国民健康保険(国保)の納付は分割も可能ですが、年の途中で一括納付する方も増えています。そこで気になるのが、「確定申告ではどこまでを経費(社会保険料控除)として計上できるのか」という点です。今回は、国保を一括納付した場合の確定申告での扱いについて、具体例を交えてわかりやすく解説します。
確定申告における国保の計上ルール
確定申告では、国民健康保険料は支払った年に計上するのが原則です。つまり「いつの分の保険料か」ではなく、実際に支払った日付が重要になります。
例えば、令和7年(2025年)の1月に令和6年度分(2024年4月〜2025年3月)を一括で支払った場合、その全額は令和7年分(2025年3月提出分)の確定申告で社会保険料控除として計上できます。
12月までの支払いしか計上できないのか?
よくある誤解として「年内(12月)までに支払ったものしか申告できない」という声がありますが、それは事業の経費などの場合であって、社会保険料控除については違います。
国民健康保険料は、支払日がたとえ1月でも、その年(1月1日〜12月31日)に支払った分はすべて申告対象となります。したがって、12月までに支払っていなければならないという制限はありません。
一括納付でのメリットと注意点
一括納付を選ぶと、自治体によっては納付額が若干安くなる(早期納付割引)場合があります。また、支払日が明確になるため、確定申告時の計上がわかりやすいという利点もあります。
一方で、注意したいのは「口座引き落とし」を選択している場合です。

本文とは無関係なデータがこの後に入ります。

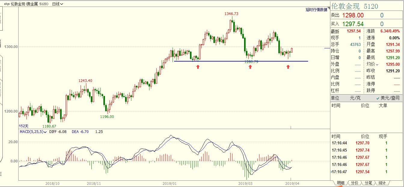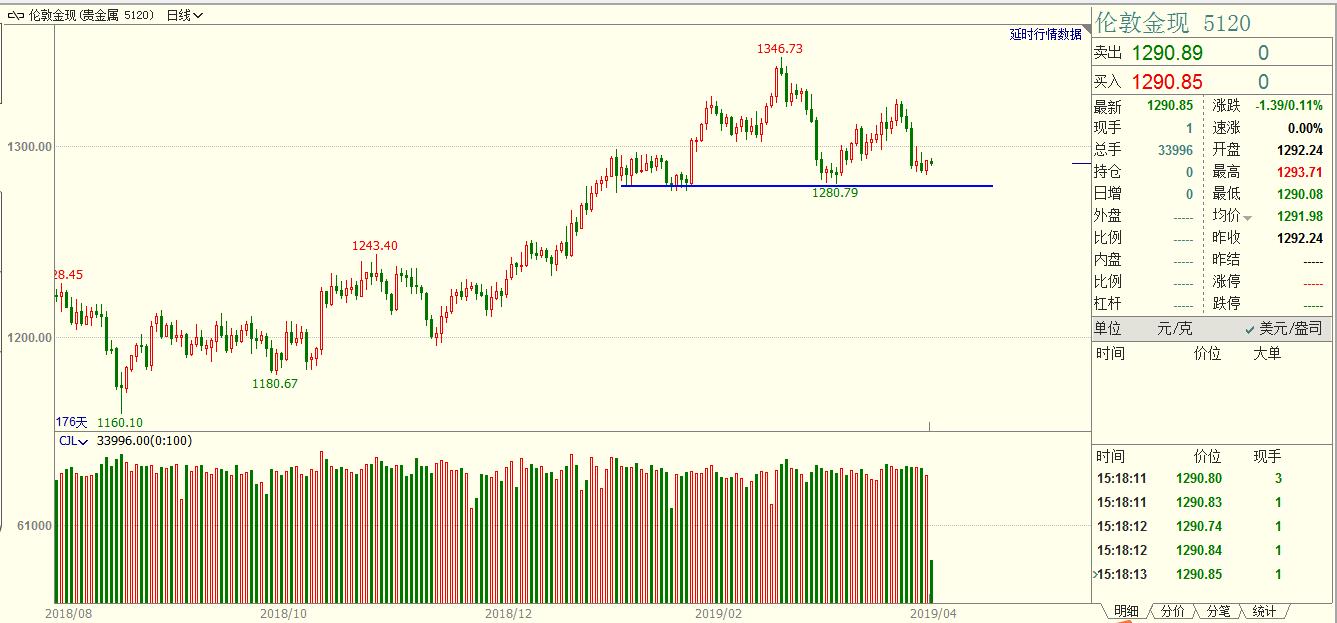 交易人最大的敌人是自己-贪婪、急燥、失控的情绪、没有防备心、过度自我等等,人的本性是很可怕的,那么就需要常常静下心来好好反思,寻找自身的优缺点,若贪婪那么就见好就收,若急躁不妨放下手里的事,等自己慢慢平复再去接着做,要学会调整心态,急是急不来的,沉着冷静方是处事之道。 黄金 :隔夜黄金探底回升,最低触及1280后日内V型反转,日线级别的震荡区间1280-1345仍然没有冲破。图表上,链接最近的几个低点,可以很清晰的看到,1280一线是多头的终极防守线。隔夜在这个位置再次得到支撑,1280或成阶段性低点。 今晚8点半有每月一次的非农就业数据,笔者不会

自治体によっては複数回に分けて引き落とされるため、支払日が複数回にわかれる=複数年にまたがって計上される可能性があるということです。
実際のケーススタディ:令和6年6月に一括納付した場合
たとえば、令和6年6月に令和6年度分(4月〜翌3月分)を一括で現金またはクレジットカードで支払った場合、その全額は令和6年の確定申告(令和7年3月提出)で社会保険料控除に計上可能です。
逆に、令和7年1月に支払った場合は、たとえ保険料の対象が前年分であっても、令和7年分の申告対象になります。
確定申告での記載方法と必要書類
確定申告では、「社会保険料控除」欄に実際に支払った金額を記載します。自治体から送られる「納付済額証明書」や、領収書、クレジットカード明細、通帳の記帳内容などを手元に用意しましょう。
e-Taxを使う場合も、これらの書類の提出は原則不要ですが、税務署から提出を求められた場合に備えて5年間は保管しておきましょう。
まとめ:国保の一括納付は「支払日ベース」で計上
国民健康保険料は、何月分であっても「支払日」が属する年の所得控除として申告できます。つまり、来年3月までの分を今年中に一括で納付した場合、全額を今年の確定申告で控除対象にできます。
納付時期を工夫することで、節税や家計の計画的な管理にもつながります。わからない点があれば、自治体の税務課や税理士に相談するのもおすすめです。